_ASSIGNMENT_. Please print every record exactly as it stands, leaving out the pictures.

Stored entries
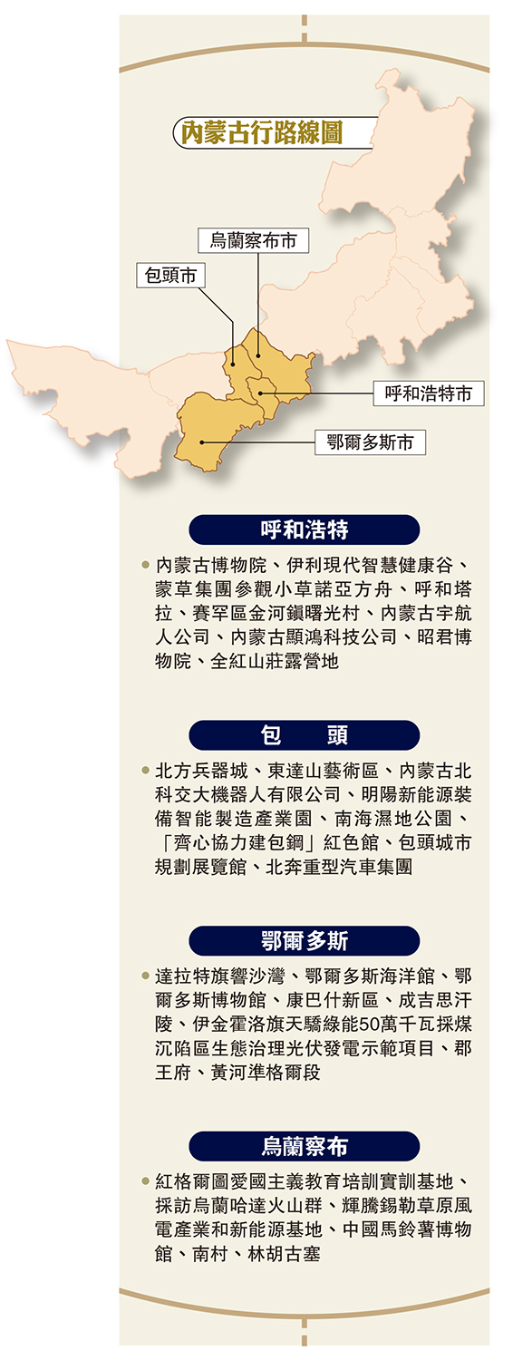採訪團將走訪內蒙古自治區首府「中國乳都」呼和浩特、「一帶一路」重要節點城市「稀土之都」包頭、「溫暖全世界」的「羊絨之都」鄂爾多斯和「中國馬鈴薯之都」、「草原避暑勝地」烏蘭察布。江新輝說,當中既有對機器人企業、光伏企業的參觀,又有對沙漠、黃河生態治理的採訪;既會對內蒙古自治區保障民生經驗做法有所了解,又將親身體驗內蒙古歷史文化保護傳承。
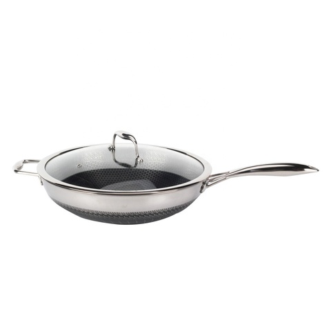 กระทะสแตนเลสแบบนอนสติ๊ก3ชั้นเครื่องครัวแบบมืออาชีพสำหรับเหนี่ยวนำก๊าซและไฟฟ้า
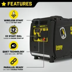Champion’s got convenience covered. Starting and stopping your generator from up to 80 feet away with the wireless remote key fob is a snap. Champion’s EZ Start Dial makes getting started quick and easy. Featuring Cold Start Technology, Extended Run Time, and an easy to read fuel gauge, the reliable 212cc Champion engine produces 4500 starting watts and 3500 running watts, and runs for 14 hours at 25% load when the 2.3-gallon fuel tank is full.
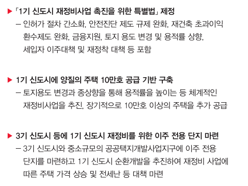 수도권 1기 신도시(분당, 일산, 평촌, 산본, 중동)은 첫 입주가 시작된 지 30년이 지나면서 노후화되고 층간소음, 주차시설 부족 등 이웃간의 갈등 또한 심화되고 있는 실정입니다. 1기 신도시 재정비를 위한 특별법을 제정해 절차를 간소화하고 용적률도 상향하는 대책도 검토한다고 합니다.
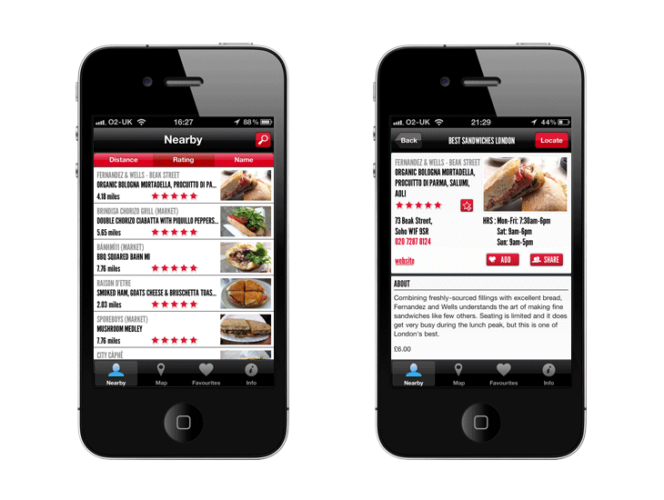 - Intuitive navigation and the ability to locate and sort sandwiches by distance, rating and name.
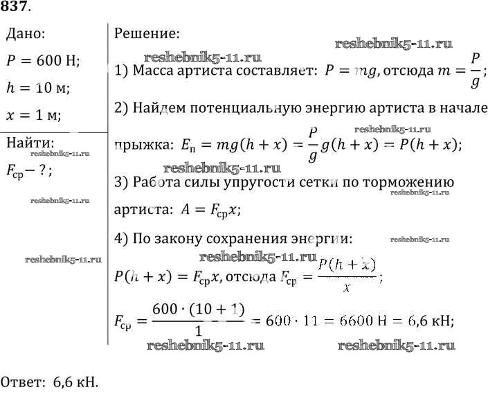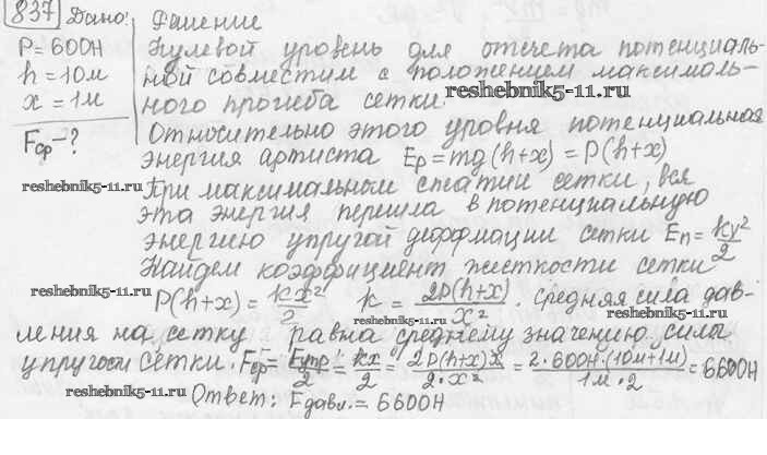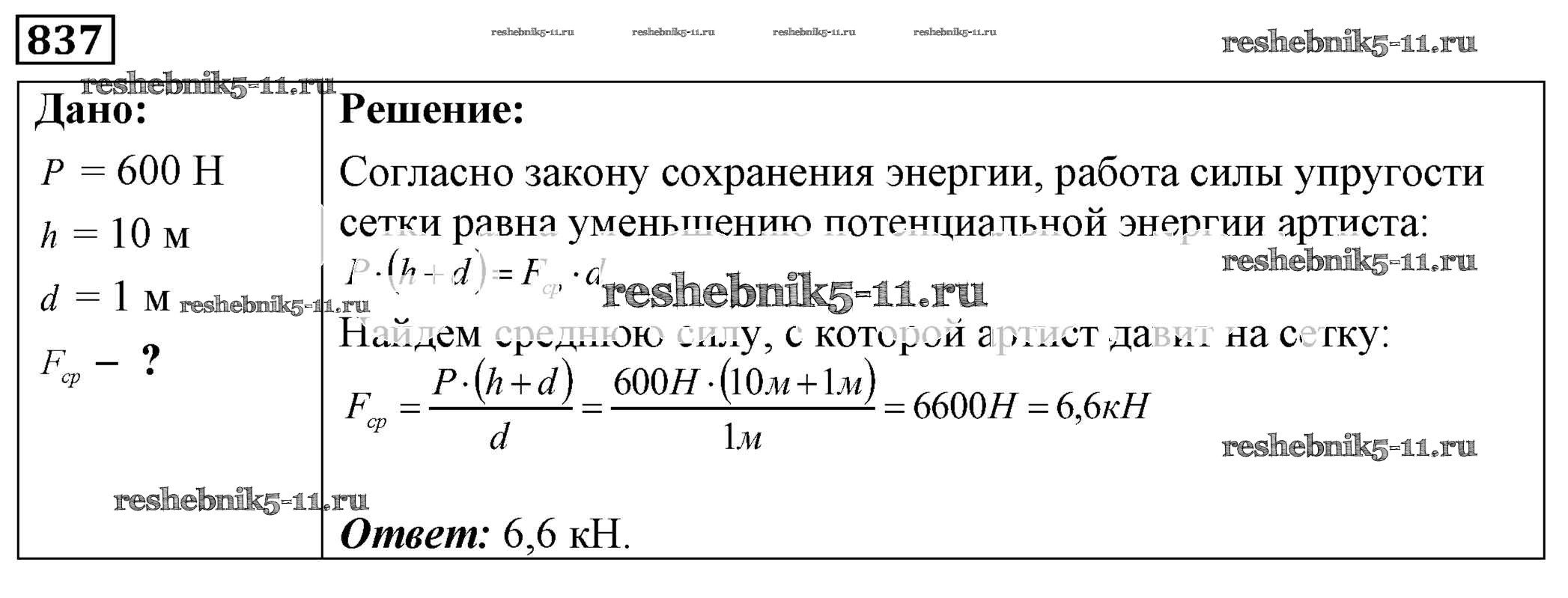 Готовая домашняя работа с ответами по Физике за 7, 8, 9 класс Лукашик, Иванова Сборник задач Просвещение 2011 ФГОС - Задания 837
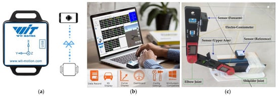 (a,b) The hardware of the motion capture system. Source: https://www.wit-motion.com/. (c) Three-dimensional rigid body structure.
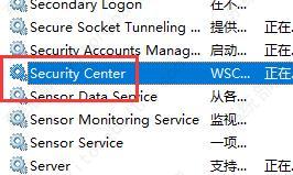 3、在弹出的服务窗口中找到“security center”,这个就是安全中心,双击打开。
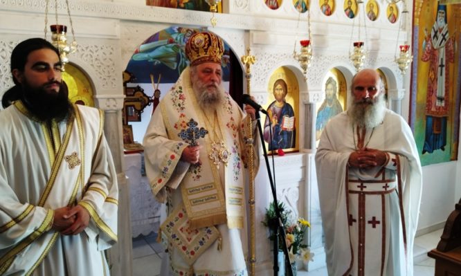 Ο Σεβασμιώτατος Μητροπολίτης μας κ. Καλλίνικος μετέβη την Πέμπτη 25-5-2023 στον ως άνω Ιερό Ναό, όπου χοροστάτησε στον Όρθρο, ευλόγησε τους προσφερθέντες άρτους και προεξήρχε της Θείας Λειτουργίας, πλαισιούμενος από τον οικείο Εφημέριο Πρωτοπρ. Συμεών Τελόπουλο και τον Διάκονο Νεκτάριο Σκουλάτο. Κατά την διάρκεια του Κοινωνικού ο Σεβασμιώτατος κήρυξε τον θείο λόγο ενώ προ του «Δι’ ευχών» απηύθυνε ευχές προς όλους.
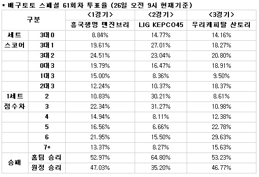 [배구토토]2009 부산 IBK 기업은행 국제배구대회 대상 배구토토 스페셜 61회차 중간집계, 최종 세트스코어 및 1세트 점수차 맞히기…27일 오후 1시 50분 발매 마감 국내 배구팬들은 '2009 부산 IBK 기업은행 국제배구대회' 흥국생명-톈진브리전에서 흥국생명의 우세를 점쳤다. 스포츠토토 공식 온라인 발매사이트인 베트맨(www.betman.co.kr)은 오는 27일에 치러지는 '2009 부산 IBK 기업은행 국제배구대회' 흥국생명-톈진브리, LIG-KEPCO45, 우리캐피탈-산토리 등 3경기를 대상으로 한 배구토토 스페셜 61회차 게임 투표율 중간집계 결과 1경기 흥국생명-톈진전에서 흥국생명의 승리에 52.97%가 투표해 흥국생명의 근소한 우세를 전망한 것으로 나타났다고 밝혔다. 배구토토 스페셜은 게임은 더블(2경기 대상) 및 트리플(3경기 대상) 등 두 가지 방식으로 진행되며 각 경기의 최종세트스코어와 1세트 점수차를 예상하면 된다. 최종세트스코어는 3:0, 3:1, 3:2, 0:3, 1:3, 2:3 등 6개 항목으로 구성되며 1세트 점수차 표기방식은 2점차, 3점차, 4점차, 5점차, 6점차, 7점차 이상 등 6가지로 구분된다. 흥국생명-톈진전 최종 세트스코어는 흥국생명의 3-2 승리(24.51%)가 1순위를 차지했다. 1세트 점수차의 경우 3점이 22.34%로 가장 많았고 6점(21.95%)과 5점(16.56%)이 뒤를 이었다. 2경기 LIG-KEPCO450은 홈팀 LIG(64.80%)가 원정팀 KEPCO45(3520%)에 완승을 거둘 것으로 예상한 참가자가 다수를 차지했다. 최종 세트스코어는 LIG의 3-1 승리(27.01%)와 3-2 승리(23.04%)를 예상한 참가자가 많았다. 1세트 점수차의 경우 3점이 31.27%로 가장 많았고 2점이 30.21%로 그 뒤를 이었다. 3경기 우리캐피탈-산토리전은 홈팀 우리캐피탈의 승리에 53.23%의 참가자가 투표했다. 최종 세트스코어로는 우리캐피탈의 3-2 승리 20.80%와 산토리 3-0 승리(18.91%)를 점친 참가자가 많았다. 1세트 점수차는 6점차가 29.63%로 가장 많았고 5점 22.78%가 그 뒤를 이었다. 한편 이번 배구토토 스페셜 61회차 게임은 오는 27일(월) 오후 1시 50분에 발매 마감된다.
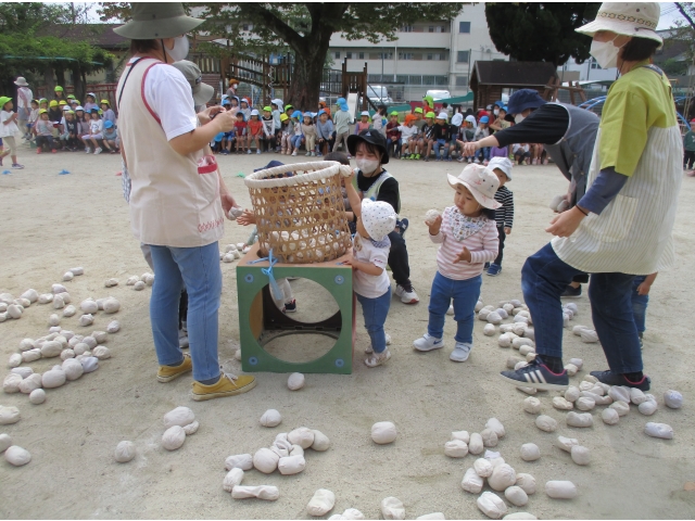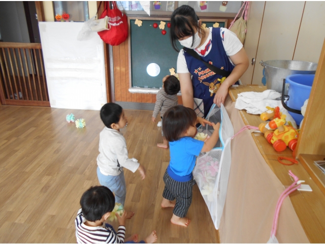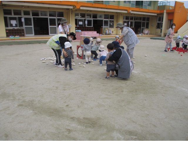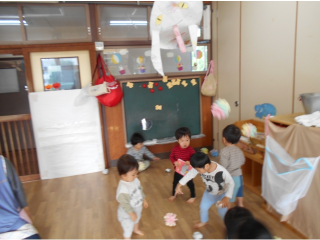 先日運動会ごっこで玉入れに挑戦!ひろってカゴにいれてを楽しんでました。

_RESULT BELOW_.
採訪團將走訪內蒙古自治區首府「中國乳都」呼和浩特、「一帶一路」重要節點城市「稀土之都」包頭、「溫暖全世界」的「羊絨之都」鄂爾多斯和「中國馬鈴薯之都」、「草原避暑勝地」烏蘭察布。江新輝說,當中既有對機器人企業、光伏企業的參觀,又有對沙漠、黃河生態治理的採訪;既會對內蒙古自治區保障民生經驗做法有所了解,又將親身體驗內蒙古歷史文化保護傳承。
 กระทะสแตนเลสแบบนอนสติ๊ก3ชั้นเครื่องครัวแบบมืออาชีพสำหรับเหนี่ยวนำก๊าซและไฟฟ้า
Champion’s got convenience covered. Starting and stopping your generator from up to 80 feet away with the wireless remote key fob is a snap. Champion’s EZ Start Dial makes getting started quick and easy. Featuring Cold Start Technology, Extended Run Time, and an easy to read fuel gauge, the reliable 212cc Champion engine produces 4500 starting watts and 3500 running watts, and runs for 14 hours at 25% load when the 2.3-gallon fuel tank is full.
 수도권 1기 신도시(분당, 일산, 평촌, 산본, 중동)은 첫 입주가 시작된 지 30년이 지나면서 노후화되고 층간소음, 주차시설 부족 등 이웃간의 갈등 또한 심화되고 있는 실정입니다. 1기 신도시 재정비를 위한 특별법을 제정해 절차를 간소화하고 용적률도 상향하는 대책도 검토한다고 합니다.
 - Intuitive navigation and the ability to locate and sort sandwiches by distance, rating and name.
 Готовая домашняя работа с ответами по Физике за 7, 8, 9 класс Лукашик, Иванова Сборник задач Просвещение 2011 ФГОС - Задания 837
 (a,b) The hardware of the motion capture system. Source: https://www.wit-motion.com/. (c) Three-dimensional rigid body structure.
 3、在弹出的服务窗口中找到“security center”,这个就是安全中心,双击打开。
 Ο Σεβασμιώτατος Μητροπολίτης μας κ. Καλλίνικος μετέβη την Πέμπτη 25-5-2023 στον ως άνω Ιερό Ναό, όπου χοροστάτησε στον Όρθρο, ευλόγησε τους προσφερθέντες άρτους και προεξήρχε της Θείας Λειτουργίας, πλαισιούμενος από τον οικείο Εφημέριο Πρωτοπρ. Συμεών Τελόπουλο και τον Διάκονο Νεκτάριο Σκουλάτο. Κατά την διάρκεια του Κοινωνικού ο Σεβασμιώτατος κήρυξε τον θείο λόγο ενώ προ του «Δι’ ευχών» απηύθυνε ευχές προς όλους.
 [배구토토]2009 부산 IBK 기업은행 국제배구대회 대상 배구토토 스페셜 61회차 중간집계, 최종 세트스코어 및 1세트 점수차 맞히기…27일 오후 1시 50분 발매 마감 국내 배구팬들은 '2009 부산 IBK 기업은행 국제배구대회' 흥국생명-톈진브리전에서 흥국생명의 우세를 점쳤다. 스포츠토토 공식 온라인 발매사이트인 베트맨(www.betman.co.kr)은 오는 27일에 치러지는 '2009 부산 IBK 기업은행 국제배구대회' 흥국생명-톈진브리, LIG-KEPCO45, 우리캐피탈-산토리 등 3경기를 대상으로 한 배구토토 스페셜 61회차 게임 투표율 중간집계 결과 1경기 흥국생명-톈진전에서 흥국생명의 승리에 52.97%가 투표해 흥국생명의 근소한 우세를 전망한 것으로 나타났다고 밝혔다. 배구토토 스페셜은 게임은 더블(2경기 대상) 및 트리플(3경기 대상) 등 두 가지 방식으로 진행되며 각 경기의 최종세트스코어와 1세트 점수차를 예상하면 된다. 최종세트스코어는 3:0, 3:1, 3:2, 0:3, 1:3, 2:3 등 6개 항목으로 구성되며 1세트 점수차 표기방식은 2점차, 3점차, 4점차, 5점차, 6점차, 7점차 이상 등 6가지로 구분된다. 흥국생명-톈진전 최종 세트스코어는 흥국생명의 3-2 승리(24.51%)가 1순위를 차지했다. 1세트 점수차의 경우 3점이 22.34%로 가장 많았고 6점(21.95%)과 5점(16.56%)이 뒤를 이었다. 2경기 LIG-KEPCO450은 홈팀 LIG(64.80%)가 원정팀 KEPCO45(3520%)에 완승을 거둘 것으로 예상한 참가자가 다수를 차지했다. 최종 세트스코어는 LIG의 3-1 승리(27.01%)와 3-2 승리(23.04%)를 예상한 참가자가 많았다. 1세트 점수차의 경우 3점이 31.27%로 가장 많았고 2점이 30.21%로 그 뒤를 이었다. 3경기 우리캐피탈-산토리전은 홈팀 우리캐피탈의 승리에 53.23%의 참가자가 투표했다. 최종 세트스코어로는 우리캐피탈의 3-2 승리 20.80%와 산토리 3-0 승리(18.91%)를 점친 참가자가 많았다. 1세트 점수차는 6점차가 29.63%로 가장 많았고 5점 22.78%가 그 뒤를 이었다. 한편 이번 배구토토 스페셜 61회차 게임은 오는 27일(월) 오후 1시 50분에 발매 마감된다.
 先日運動会ごっこで玉入れに挑戦!ひろってカゴにいれてを楽しんでました。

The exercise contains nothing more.